2.3.3. Measurement of Phosphorylated NFκB/p65

Nuclear translocation of phosphorylated NFκB/p65 was assessed using ImageStream technology. Briefly, 1.2 × 106 cells were seeded per well in 4 mL culture medium in a 6-well plate. Cells were stimulated without/with PMA 5 ng/mL for 24 h, followed by treatment without/with TNF-α 10 ng/mL or IL-1β 10 ng/mL for 1 h. Cells were then directly fixed with 4% formaldehyde for 15 min at 37 °C, collected and washed with 1× tris-buffered saline (TBS), permeabilized with 0.5% Triton X-100 for 20 min at RT, and blocked unwanted background with 3% goat serum (all from Sigma-Aldrich, Buchs, Switzerland). Subsequently, cells were incubated overnight with anti-NFκB/p65 antibody or isotype control antibody at 5 µg/mL at 4 °C. After incubation, samples were washed three times and incubated with Alexa Flour 594-tagged secondary antibody at 2.5 µg/mL for one hour at RT in the dark. Afterwards, samples were washed twice and nuclei were counterstained with DAPI (Sigma-Aldrich, Buchs, Switzerland). NFκB phosphorylation and nuclear translocation were measured on a Cytek® Amnis® ImageStream®X Mk II imaging flow cytometer. A total of 5000 events in single-cell gating were recorded for each sample. Image analysis was performed and similarity scores were calculated using IDEAS® software 6.3 to quantify the translocation of NFκB/p65 (Cytek® Biosciences, Amsterdam, The Netherland).

2.4. Statistical Analysis

Statistical analysis was performed using STATISTICA 13.0 (StatSoft, Inc., Tulsa, OK, USA). Data are presented as medians, interquartile ranges, 10–90 percentiles, and means. Normality was determined using the Shapiro–Wilk test. Kruskal–Wallis, Mann–Whitney U, and Wilcoxon tests were applied for data with non-normal distribution. Results were corrected for multiple testing. p < 0.05 was considered statistically significant.

3. Results

3.1. Modulation of NOP and Nociceptin by PMA

NOP was constitutively expressed in THP-1 cells at both the mRNA and protein levels. Although NOP mRNA was not affected by PMA after 24 h, cell surface NOP protein levels were increased in PMA-treated cells (Figure 1A). ppNOC mRNA was below the detection limit in untreated cells, whereas intracellular nociceptin protein could be detected. In THP-1 cells stimulated with PMA 5 ng/mL for 24 h, ppNOC mRNA and intracellular nociceptin protein levels were increased (Figure 1B).

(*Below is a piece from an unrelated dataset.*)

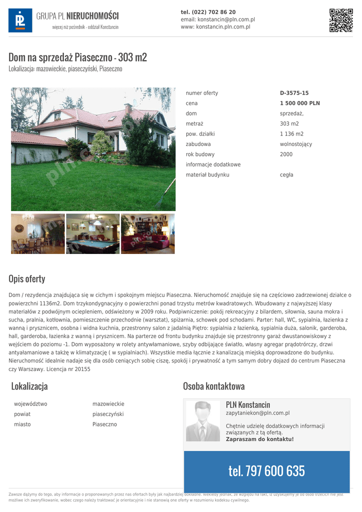 tel. (022) 702 86 20 email: [email protected] www: konstancin.pln.com.pl Dom na sprzedaż Piaseczno - 303 m2 Lokalizacja: mazowieckie, piaseczyński, Piaseczno numer oferty D-3575-15 cena 1 500 000 PLN dom sprzedaż, metraż 303 m2 pow. działki 1 136 m2 zabudowa wolnostojący rok budowy 2000 informacje dodatkowe materiał budynku cegła Opis oferty Dom / rezydencja znajdująca się w cichym i spokojnym miejscu Piaseczna. Nieruchomość znajduje się na częściowo zadrzewionej działce o powierzchni 1136m2. Dom trzykondygnacyjny o powierzchni ponad trzystu metrów kwadratowych. Wbudowany z najwyższej klasy materiałów z podwójnym ociepleniem, odświeżony w 2009 roku. Podpiwniczenie: pokój rekreacyjny z bilardem, siłownia, sauna mokra i sucha, pralnia, kotłownia, pomieszczenie przechodnie (warsztat), spiżarnia, schowek pod schodami. Parter: hall, WC, sypialnia, łazienka z wanną i prysznicem, osobna i widna kuchnia, przestronny salon z jadalnią Piętro: sypialnia z łazienką, sypialnia duża, salonik, garderoba, hall, garderoba, łazienka z wanną i prysznicem. Na parterze od frontu budynku znajduje się przestronny garaż dwustanowiskowy z wejściem do poziomu -1. Dom wyposażony w rolety antywłamaniowe, szyby odbijające światło, własny agregar prądotrórczy, drzwi antyałamaniowe a takżę w klimatyzację ( w sypialniach). Wszystkie media łącznie z kanalizacją miejską doprowadzone do budynku. Nieruchomość idealnie nadaje się dla osób ceniących sobię ciszę, spokój i prywatność a tym samym dobry dojazd do centrum Piaseczna czy Warszawy. Licencja nr 20155 Lokalizacja Osoba kontaktowa PLN Konstancin województwo mazowieckie powiat piaseczyński [email protected] miasto Piaseczno Chętnie udzielę dodatkowych informacji związanych z tą ofertą. Zapraszam do kontaktu! tel. 797 600 635 Zawsze dążymy do tego, aby informacje o proponowanych przez nas ofertach były jak najbardziej dokładne. Niekiedy jednak, ze względu na fakt, iż uzyskujemy je od osób trzecich nie jest możliwe ich zweryfikowanie, wobec czego należy traktować je orientacyjnie i nie stanowią one oferty w rozumieniu kodeksu cywilnego.

3.2. Dose-Dependent Effects of Cytokines and NFκB Inhibitors

Concentration ranges of 0.1 to 10 ng/mL for TNF-α and IL-1β and 1 to 100 ng/mL for IL-10 were used. Results showed that TNF-α combined with PMA suppressed NOP and ppNOC mRNA expression in a dose-dependent manner. IL-1β dose-dependently prevented the upregulating effect of PMA on ppNOC mRNA after 24 h. No obvious dose–response effects of IL-10 on ppNOC and NOP mRNA levels were observed (Figure 2A,B). Based on these results, TNF-α 10 ng/mL and IL-1β 10 ng/mL were used in further experiments. In addition, cells were pretreated without/with various concentrations of NFκB inhibitors BAY 11-7082 (BAY), JSH-23 (JSH), or anacardic acid (AA) for 1 h, followed by exposure to LPS 100 ng/mL for 6 h. qPCR analysis indicated BAY, JSH, and AA affected the LPS-induced IL1B mRNA expression in a dose-dependent manner (Figure 2C). Based on this pilot testing, NFκB inhibitors were used at 100 nM in the subsequent experiments.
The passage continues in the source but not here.